The temperature values felt in the study were calculated with the SSI formula, and then the maps of the study area were classified. The SSI, which normally has 8 classes, has 3 classes in the study area. These classes are 83 ≤ SSI < 91 slightly hot, 91 ≤ SSI < 100 hot, and 100 ≤ SSI < 112 very hot (Fig. 7). When we look at the maps, the places outside of Hayal Park are in the hot class at 07.00 in the morning, and we can see that the green spaces have a positive effect on the bioclimatic comfort areas. The small area is in a very hot class. When we look at 14.00 h, it is a totally hot class. Normally, the temperature is the highest of these times and also coincides with the multi-story buildings in the study area; asphalt and concrete areas increased the temperature. As a result, there is a sweltering air in the work area.

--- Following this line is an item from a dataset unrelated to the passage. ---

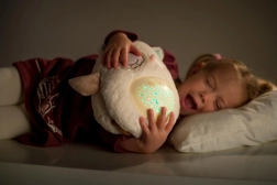 Ce doudou en peluche ultra doux associe l’étreinte chaleureuse à des fonctions intelligentes pour faciliter l’endormissement. Le hibou projette un ciel étoilé en 8 couleurs, diffuse 8 berceuses ainsi que des sons prénataux apaisants auxquels les tout-petits sont habitués dans le ventre de maman. Une fois la mélodie terminée, la lumière reste douce encore environ une minute puis s’éteint automatiquement.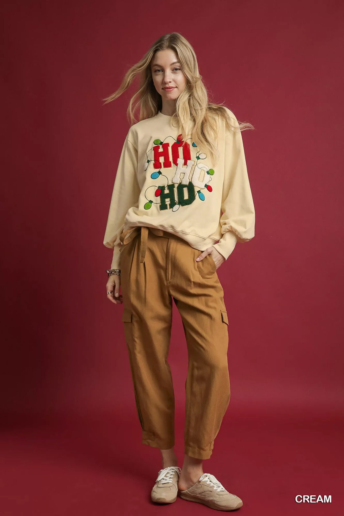 Umgee HO Applique French Terry Sweatshirt In Cream

In settlements like Cukurova, because of the high temperatures in the summer months, the urban heat islands emerge, and in this case, there are problems in terms of bioclimatic comfort and health conditions for the people living in Cukurova.
Conclusions
It was determined that the maps identified non-comfortable areas. It was observed to be in little hot, hot, and very hot categories. According to the results of the map, it is seen that the lowest temperature values are 31.88 °C, and the highest is 43.65 °C. Since urban form and settlement affect climate comfort values, the urban plan should be revised, and the area should be brought to the bioclimatic comfort value range. One of the most important factors for reducing the effect of temperature in the working area and creating comfortable areas is increasing the density of green areas compared to asphalt and concrete areas. Green spaces provide cooling effect, thanks to plants, and reduce the urban heat island formation. Considering that the Cukurova district will grow further, urban planning should be done very well to reach the comfort range in the following settlements.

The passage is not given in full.